PC research is often conducted in higher education institutions and is fundamental for informing evidence-based decision-making and building high-performing PC systems [59]. Notably, despite the acknowledged significance of primary care reform by the WHO [1], the advancement of knowledge in this domain remains a crucial yet relatively underrepresented facet within the research landscape. While PC serves as the cornerstone of healthcare systems, the paucity of research investment and output directed towards front-line patient and community care is limited [3, 4]. This discrepancy in research output is compounded by a lack of exploration into the specific factors influencing the RP of PC researchers in Canada. Similar to the international literature, we found that a variety of key personal [8, 15, 16, 20,21,22,23], professional [15, 16, 20, 22,23,24], institutional [15, 16, 20, 22,23,24], and system factors [3] impact the RP of PC researchers. While international literature indicates RP is similar between research institutes and universities or higher in universities [60, 61], we found, in contrast, that research institutes enhance RP. This might be explained by more funding for research [60, 61] and protected time for researchers at institutes, compared to those at universities that might have teaching and administrative requirements.

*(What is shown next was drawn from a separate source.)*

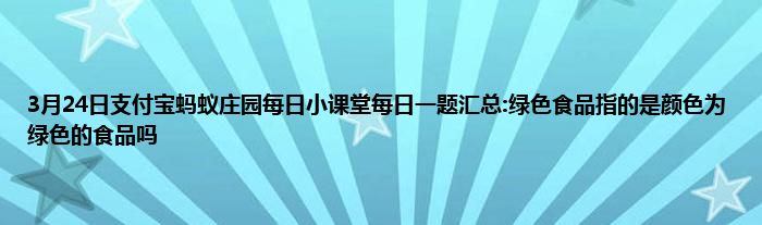 关于支付宝蚂蚁庄园3月24日每日小课堂汇总:绿色食品指的是颜色为绿色的食品吗,相信现在玩蚂蚁庄园的人都很想知道今天这个问题的答应吧,那现在小编就给大家说说支付宝蚂蚁庄园3月24日每日小课堂汇总:绿色食品指的是颜色为绿色的食品吗,希望小编说的会给大家带来帮助。

This study’s major contribution is showing how the interplay of different factors impacts RP. For example, working at a research institute positively impacted collaborations and protected time. In turn, collaborations and protected time were perceived to increase RP. Mentors were perceived to foster national and international collaborations and success in funding competitions, consequently increasing RP. Research expertise benefiting policymaking enabled success in funding opportunities, impacting RP. Jurisdictions with fewer PC researchers were more involved in national collaborations but had fewer funding opportunities, positively or negatively impacting RP. Finally, this study shows how the combination of institutional (inequitable culture), professional (exclusion by colleagues), and system (systemic bias, pandemic situations, lack of success in funding) factors negatively impact the productivity of female and/or racialized researchers.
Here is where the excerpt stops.